From The Heart

By Susan Hill

Chatto & Windus, £10.99

Review by Malcolm Forbes

SUSAN Hill’s latest novel is a departure from her whodunnits and ghost stories. As a coming-of-age tale, From The Heart delivers neither thrills nor chills. What it does, though, with great skill and poignancy, is chart “the shift from being a girl to being a woman” and the devastation that ensues from bad judgement, wrong decisions and illicit desires.

In the first half of the book, Hill sketches the formative years of her unassuming protagonist in 1950s England. Olive Piper is a plain but popular 17-year-old preparing for her A Levels. She gets into university where she pursues her passion for literature and meets the leading man in a play who asks her out. So far so unremarkable. But innocent, too-trusting Olive becomes pregnant. No longer can she allow herself to be blithely buffeted along by unseen forces: finally she has to take charge and forge her own way.

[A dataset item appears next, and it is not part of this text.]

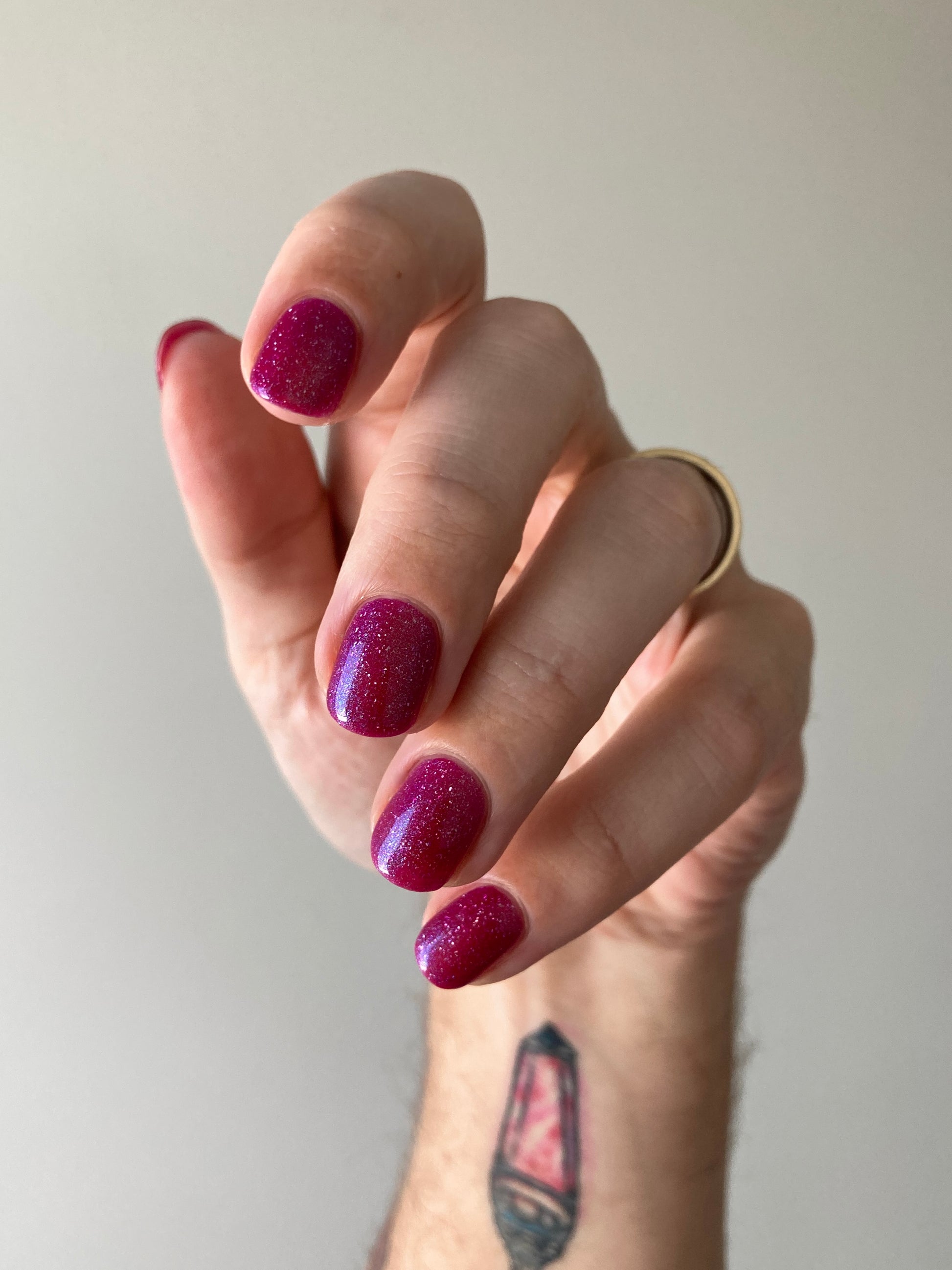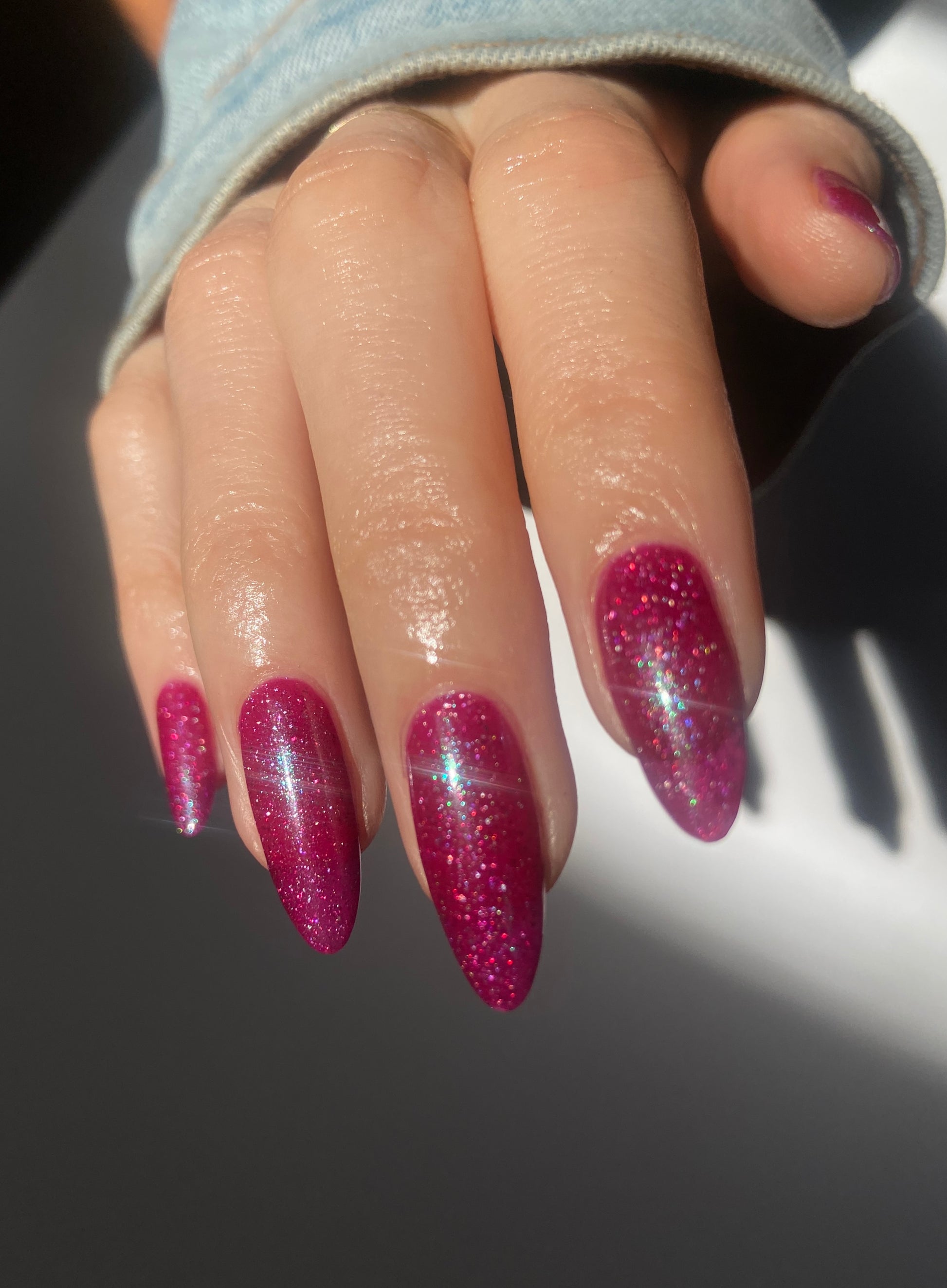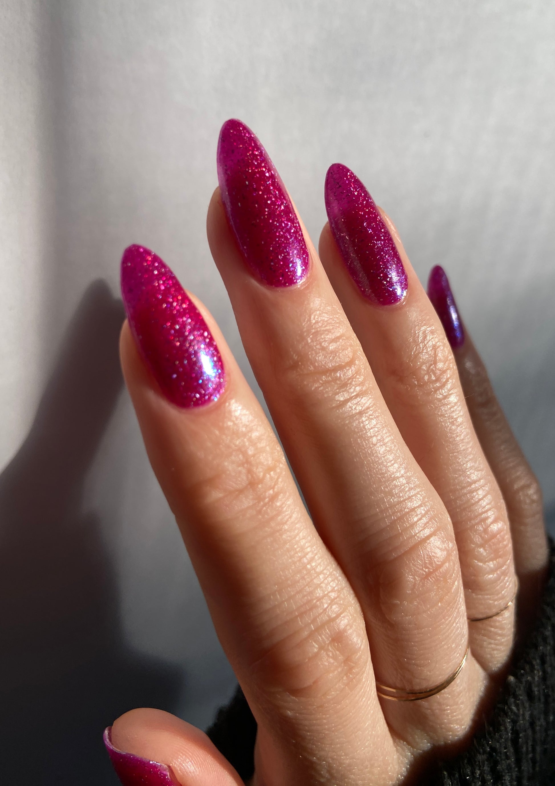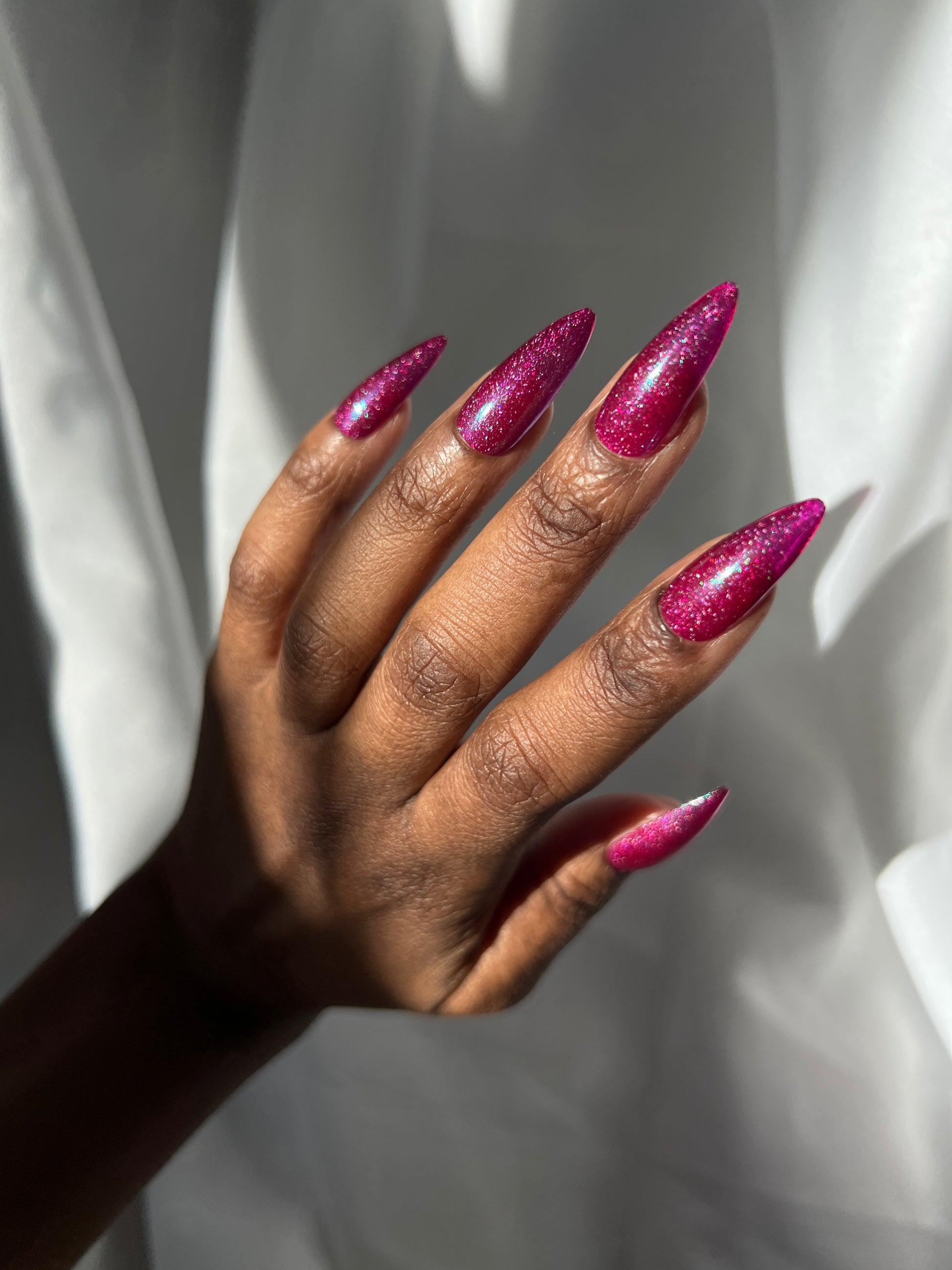 Berry jelly base with iridescent emerald/indigo/violet aurora shimmer, micro-holo flakes and scattered holo.

And so the “looker-on” who was content to skulk around backstage is thrust into the glaring limelight. After weighing up her limited options, Olive takes refuge at St Jude’s, a home for unmarried mothers. There she gives birth to a baby boy who is swiftly taken from her and given up for adoption. Finding her feet again, she secures a job teaching English at a school for girls. But her equilibrium is soon threatened again, first by a debilitating illness and then by her love for an older, female colleague. Can she stay sane and happy while faced with the dual threat of public scandal and private heartache?

This novel finds Hill with a different agenda. Unable to spook or perplex her reader, she sets out to move us. So well drawn is her heroine, and so keenly realised her predicaments and misfortunes, that we feel for her at every turn. With trademark crisp, poised prose, Hill expertly articulates Olive’s panic as she flees alone to a dead-end, out-of-season seaside resort; her helplessness when up against unsympathetic doctors; her fear of developing a bond with her baby son (“Don’t let yourself love,” is advice she can’t heed); and her wrenching pain when at last she loses him.

From The Heart is about choices and their consequences. At one moment, Olive sits down with her large, “well corseted” stepmother and asks her two pertinent questions: “Do you feel that you made the right choice? Is this the life you wanted?” With these questions in mind, we follow Olive as she goes from a young, carefree ingénue able to choose what she studies and who she loves, to a woman afflicted with scars and regrets, who learns the hard way that society dictates just how free she can be. In her case, and in her time, her freedom of choice is cruelly restricted.

In her last pages, Hill sneaks in if not a twist then a nasty surprise. It makes for a fitting end to a captivating book, one rich with subtle and sudden drama.